Nestas últimas semanas, uma das vantagens evidentes do confinamento tem sido a possibilidade de ver televisão – algo que, de há uns anos para cá, vinha sendo praticamente impossível. Não me refiro a ligar o aparelho e a ver por ver, ou simplesmente fazer zapping, mas sim a ver bons programas ou bons filmes. É…

Nestas últimas semanas, uma das vantagens evidentes do confinamento tem sido a possibilidade de ver televisão – algo que, de há uns anos para cá, vinha sendo praticamente impossível. Não me refiro a ligar o aparelho e a ver por ver, ou simplesmente fazer zapping, mas sim a ver bons programas ou bons filmes. É que a televisão tanto pode ser um instrumento de embrutecimento sem igual como um meio de aprendizagem precioso.

Por estes dias tive, por exemplo, a oportunidade de ver Silêncio, de Martin Scorsese, que passou na RTP1 por alturas da Páscoa. Trata-se de um filme impressionante – com muita violência à mistura, à boa maneira do realizador americano – que retrata os suplícios sofridos pelos cristãos no Japão do século XVII, depois de em 1639-1640 o governo Tokugawa ter instituído a política do ‘país proibido’.

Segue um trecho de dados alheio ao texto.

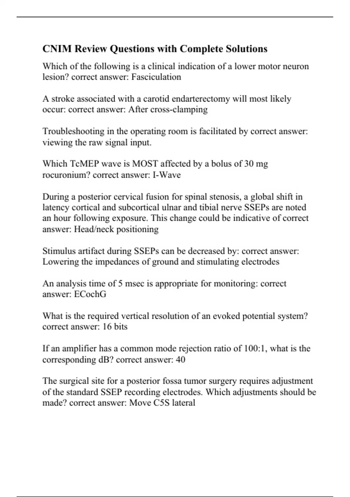 cnim review questions with complete solutions

Ao mesmo tempo fascinado pela fé inquebrantável daquelas pessoas humildes e horrorizado pelas atrocidades contra elas cometidas pelas autoridades japonesas daquela época, fui à procura de mais alguma informação sobre o assunto no livro de Charles Boxer de 1978 A Igreja e a Expansão Ibérica (1440-1770) (edições 70).

Boxer fala numa conversão superficial dos autóctones ao cristianismo – que em muitos casos se resumia a três dias de ‘catecismo’. Ainda assim, reconhece «a extraordinária persistência do cristianismo católico, uma vez firmemente implantado, mesmo que de uma forma muito simples, ou então sob formas adulteradas ou sincréticas». É isso que nos mostra o filme de Scorsese: aldeãos que, mais do que a Deus, adoram pequenas imagens de Cristo na cruz, ignorando as subtilezas da teologia, mas talvez por isso mesmo dando mostras de uma fé intensa, despojada, obstinada, à prova de tudo.

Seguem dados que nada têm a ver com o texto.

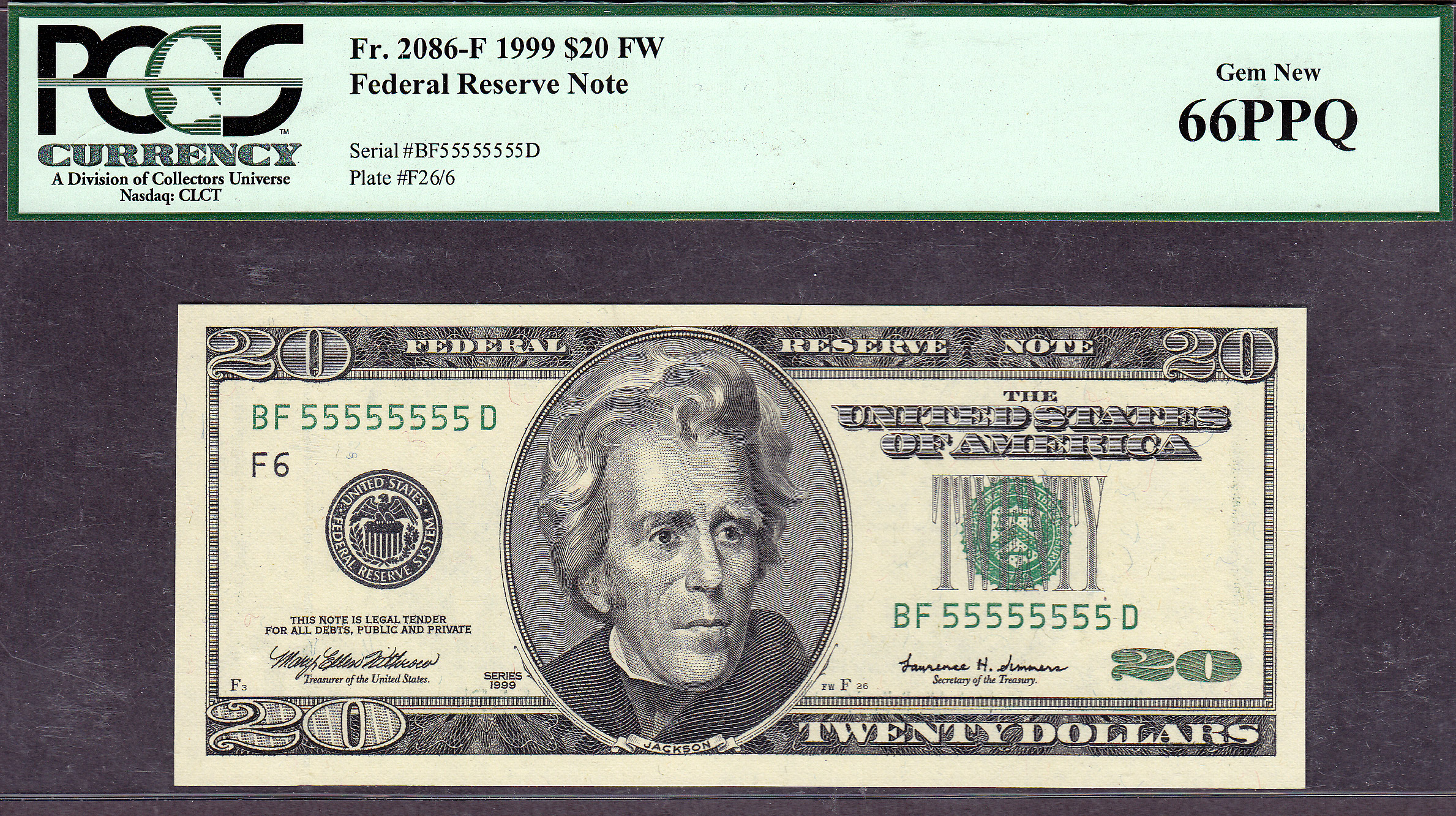 This is a real nice 1999 $20 FRN from the BEP plant in Ft Worth, Texas. It has the solid five serial number of BF5555555D in a PCGS-66PPQ holder. It has been graded as a PCGS-66PPQ. It doesn't get much better than this. A great note for playing liars poker with your ex friends.

«Protestantes ingleses e holandeses», conta-nos o historiador britânico, «testemunhas oculares da sádica perseguição aos convertidos católicos nos primeiros tempos do governo Tokugawa no Japão, ficavam espantados com a firmeza da gente simples perante a fogueira. Entre estes, incluíam-se crianças de cinco e seis anos queimadas nos braços de suas mães, clamando ‘Jesus, recebei as suas almas’».

Hoje parece-nos impensável queimar crianças por causa da religião. A verdade é que o governo japonês via os cristãos como uma ameaça latente, uma ‘quinta coluna’ de infiltrados que em caso de invasão de uma potência (católica) ibérica se juntaria aos senhores feudais descontentes para combater contra o seu próprio país.

Mas a principal questão que o filme de Scorsese (baseado no romance homónimo de Shusaku Endo) coloca, de forma inquietante, é se as preces dos supliciados foram ou não ouvidas. É impossível o espectador não se interrogar se aquele sofrimento atroz de tantos e tantos cristão que recusaram renunciar à sua fé serviu para alguma coisa. O que encontraram do outro lado? Não há maneira de sabê-lo. Cada um terá de procurar a resposta no silêncio de si mesmo.